Music

Ken Burns’ ‘Country Music’ Has Big Impact on Amazon, iTunes Charts

Ken Burns’ “Jazz” had a huge impact on jazz catalog sales — the tail of which is still being felt, 18 years later — so it’s no surprise that his “Country Music” series would instigate some kind of stampede back to classic country. Still, there’s room to be additionally impressed at just how thoroughly decades-old albums by artists featured on the PBS show are taking over the Amazon and iTunes charts.

As of Thursday morning, on Amazon’s physical media chart, classic country artists who’ve been given the spotlight on “Country Music” command eight of the top 20 spots among all-genre sales and 35 of the general top 100.

On iTunes’ all-genre album download chart, which is naturally going to skew a bit younger, albums by artists featured on Burns’ “Country Music” account for 14 out of the top 80 spots.

If you’re looking strictly at the country charts, of course, the numbers are even more impressive. On Amazon’s country album sales chart, every single album in the top 20 has a connection with Burns’ show. On iTunes’ country albums download chart, 60 of the top 100 are by artists associated with the series.

As might be expected, the show had an impact from its first episode — Jimmie Rodgers discovery really is a thing — but sales have especially picked up as the series progressed and moved on past the ’20s and ’30s into acts from the ’60s forward with whom most viewers are likely to already have had some familiarity, with best-ofs by Johnny Cash, Patsy Cline, Kris Kristofferson, Waylon Jennings, Hank Williams, Dwight Yoakam and the like doing particularly well.

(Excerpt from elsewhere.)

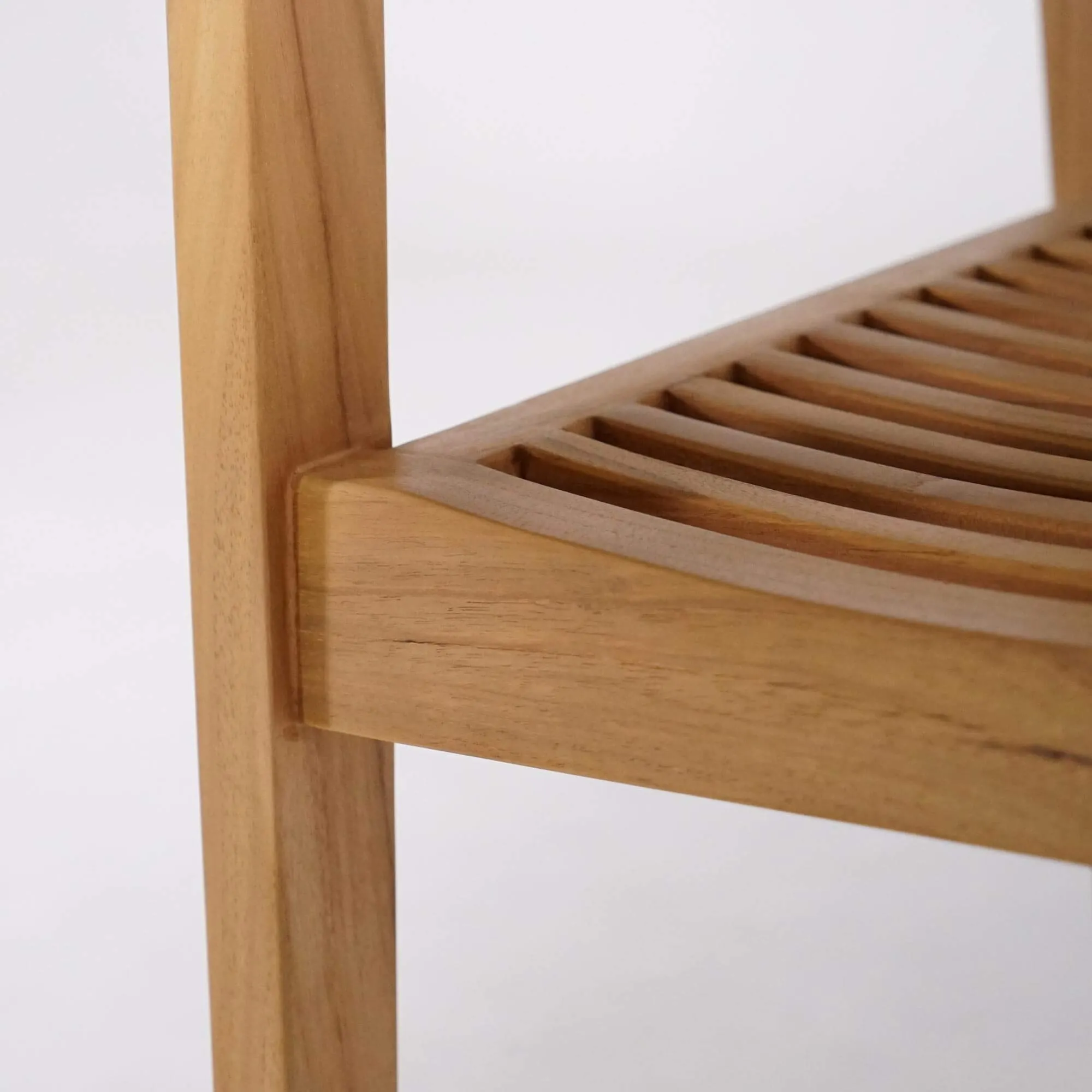 Nous avons choisi de réaliser la chaise de jardin en bois Naito en teck massif, une essence réputée pour sa robustesse et sa résistance naturelle aux conditions extérieures. Ce bois dense et riche en huiles naturelles offre une excellente durabilité face à l’humidité et aux variations climatiques. Sa teinte chaude, subtilement dorée, révèle un veinage vivant qui capte la lumière et apporte une sensation immédiate de confort visuel. Nous avons pris un soin particulier à la finition du bois afin de préserver son toucher doux et sa texture authentique, fidèle à l’esprit naturel qui guide notre collection outdoor.

But landmark studio albums that Burns featured on the show are doing well, too. At Amazon, the No. 2 album on the all-genre chart at the moment is the Nitty Gritty Dirt Band’s 1972 “Will the Circle Be Unbroken,” which became a focus on the series because of how the group brought in Roy Acuff and other classic country artists who stood in danger of being forgotten at the time it was recorded.

At No. 3 is Willie Nelson’s 1970s game-changing collection of standards, “Stardust,” and, after skipping over the actual “Country Music” soundtrack at No. 4, No. 5 is the mid-’70s compilation that put the term “outlaw country” on the map, “Wanted! The Outlaws.” (These albums are bested only by the Beatles’ new “Abbey Road” boxed set at No. 1.)

On iTunes’ all-genre album chart, Nelson’s “Stardust” has been boosted, presumably for the first time ever, to No. 9, allowing Hoagy Carmichael a fleeting moment in the top 10 amid Lizzo, Tool and Post Malone.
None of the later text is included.